Against a backdrop of widespread global economic instability, the Dominican Republic’s mining industry has outperformed all other national economic sectors to deliver double-digit growth in the first four months of 2026, according to senior government officials. Joel Santos, the country’s Minister of Energy and Mines, announced the new growth figures last week, citing official data compiled by the Central Bank of the Dominican Republic through its widely followed Monthly Indicator of Economic Activity (IMAE).
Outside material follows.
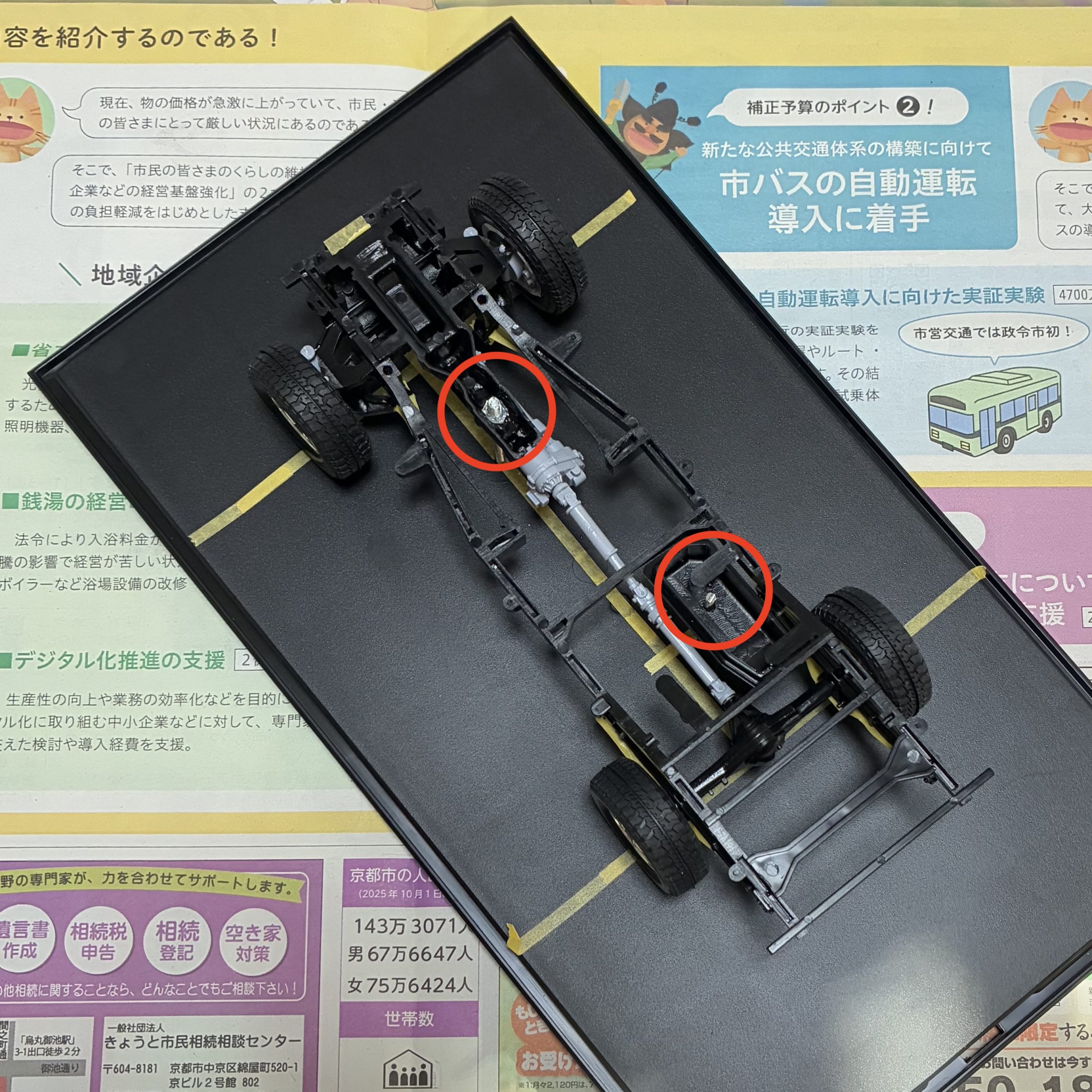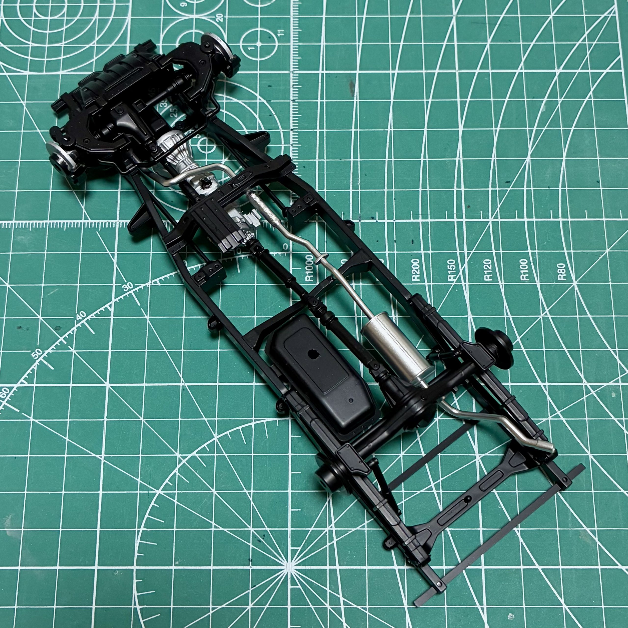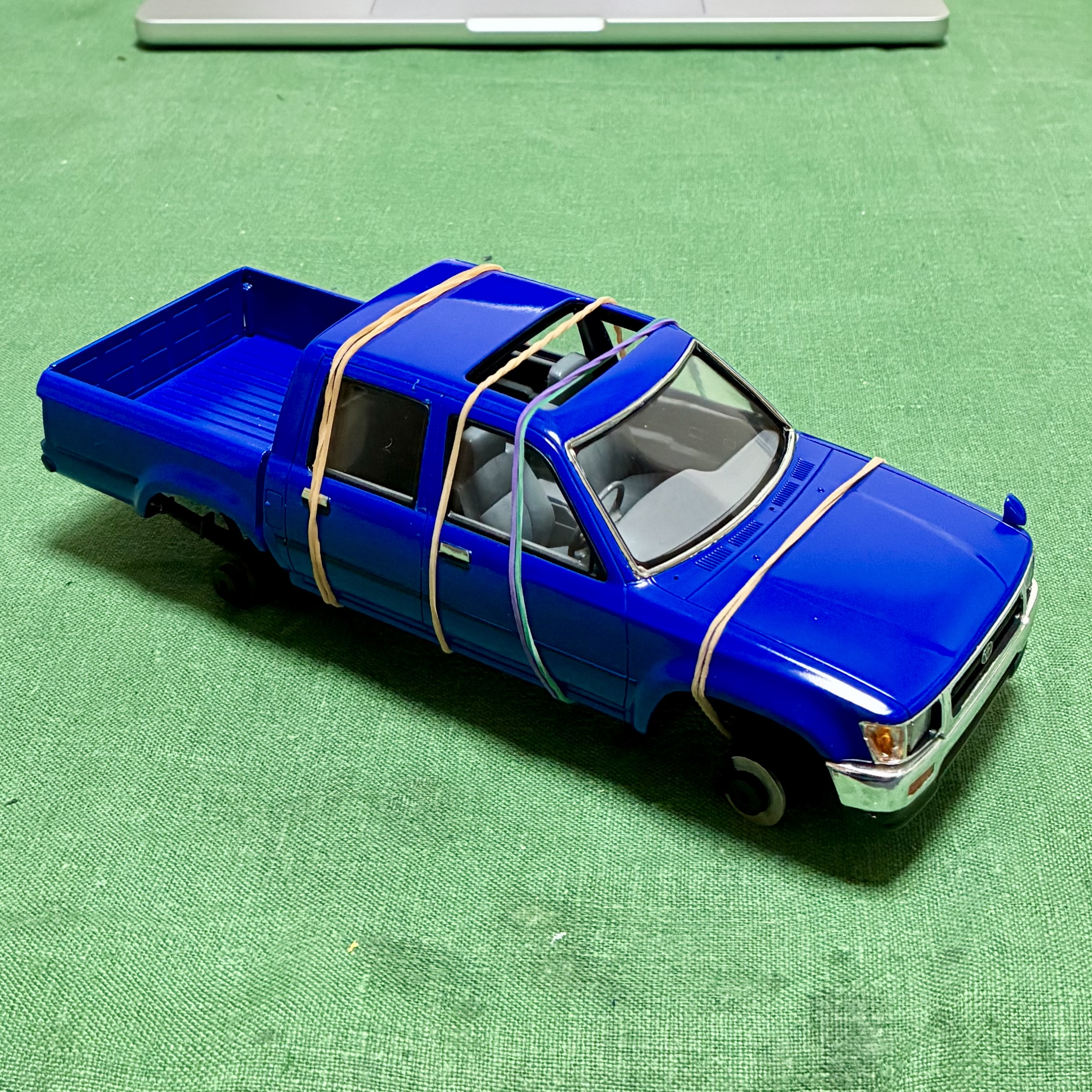かなり精度が低いキットなので、そのままではタイヤがキチンと接地しません。そこで取り付けダボを大きめに空けて、硬化に時間がかかるエポキシ接着剤を使用。接着剤が硬化する間に車体の歪みを調整します。

The data shows that the mining sector expanded by 10.7% year-on-year between January and April, marking the strongest rate of expansion across any segment of the Dominican national economy. Santos attributed this robust growth trajectory directly to a sharp uptick in gold and silver output across the country’s active mining operations. This strong performance from the mining sector has acted as a major tailwind for the Dominican economy as a whole, pushing total cumulative economic growth to 4.0% for the first four months of 2026. That figure marks a notable improvement from the 2.7% overall growth recorded in the same period one year prior.
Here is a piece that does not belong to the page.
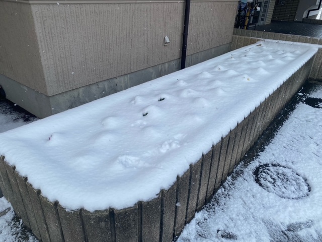 昨日の夕方から、雪が積もり始めておりました。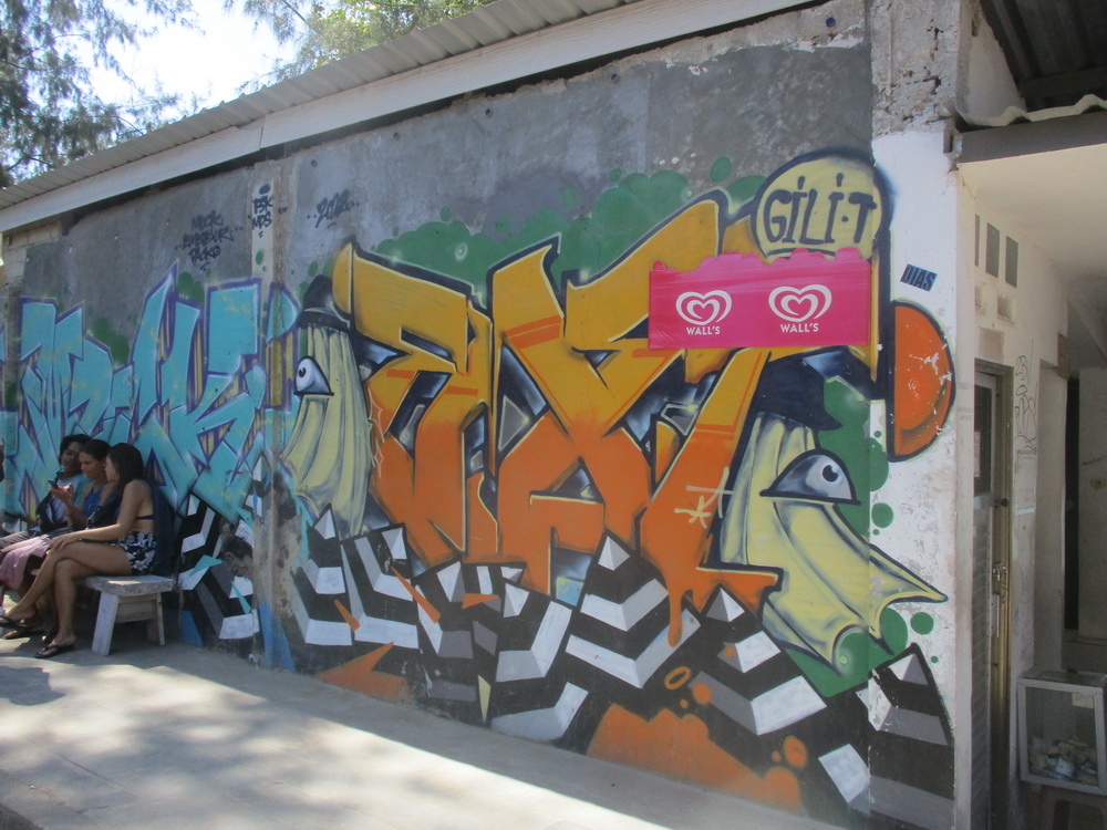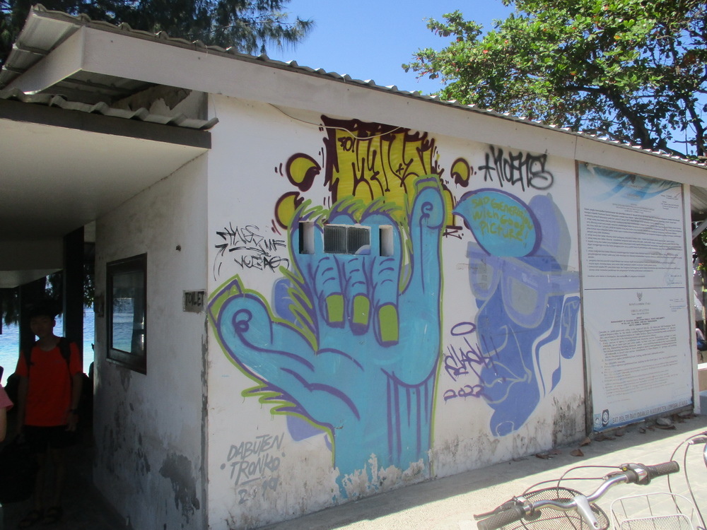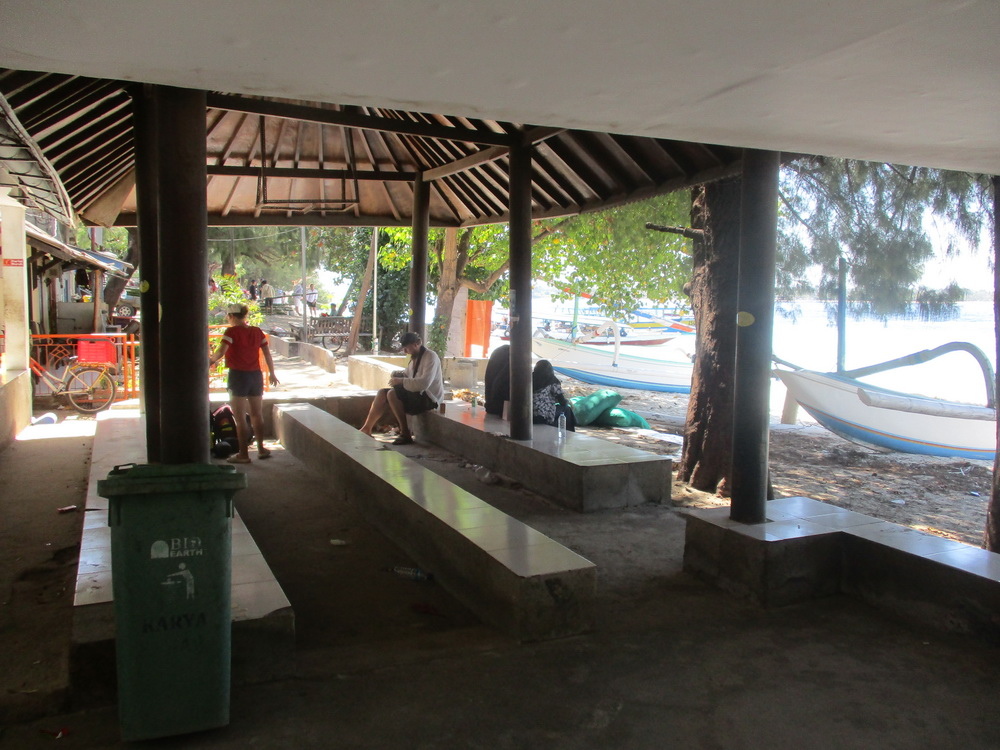 公共船因為是當地的小船,所以並無碼頭,就是直接在沙灘上、下船,位置在 Gili Trawangan Port (峇里島或潘尼達島來的船隻都停靠的碼頭) 北邊約200m 的建物搭乘,建物是由二間平房連接而成,外部都是圖鴉,有點雜亂無章,看不出來是搭公共船的售票處。

Santos stressed that this impressive outcome was secured even as the global economy contends with persistent headwinds, including ongoing geopolitical uncertainty stemming from the Middle East conflict and sustained upward pressure on international crude oil prices. Against this volatile global landscape, he reaffirmed that the Dominican mining industry continues to hold a strategic position in shielding the domestic economy from external shocks.
“ The mining sector is the quintessential counter-cyclical sector of the Dominican economy,” Santos explained. He noted that global metal prices have a long-established trend of rising during periods of global economic and geopolitical crisis, creating a natural buffer that stabilizes overall domestic economic activity when other export-reliant sectors face pressure.
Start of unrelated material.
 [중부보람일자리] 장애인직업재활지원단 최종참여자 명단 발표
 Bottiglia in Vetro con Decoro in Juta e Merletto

Beyond its counter-cyclical stabilizing role, Santos highlighted the Dominican Republic’s extensive diverse mineral reserves as a foundational pillar of long-term economic development. The country holds abundant deposits of gold, silver, copper, nickel, bauxite, and limestone, all of which drive key economic outcomes ranging from export earnings to foreign direct investment, job creation for local workers, and consistent public sector tax revenue.
Looking back at 2025 full-year data, Santos shared that total mining sector exports exceeded $2.5 billion U.S. dollars last year, while total tax contributions from mining operations hit approximately 45 billion Dominican pesos. In addition to the strong mining results, the minister noted that the broader energy sector also posted solid gains early this year, recording cumulative growth of 3.5% between January and April.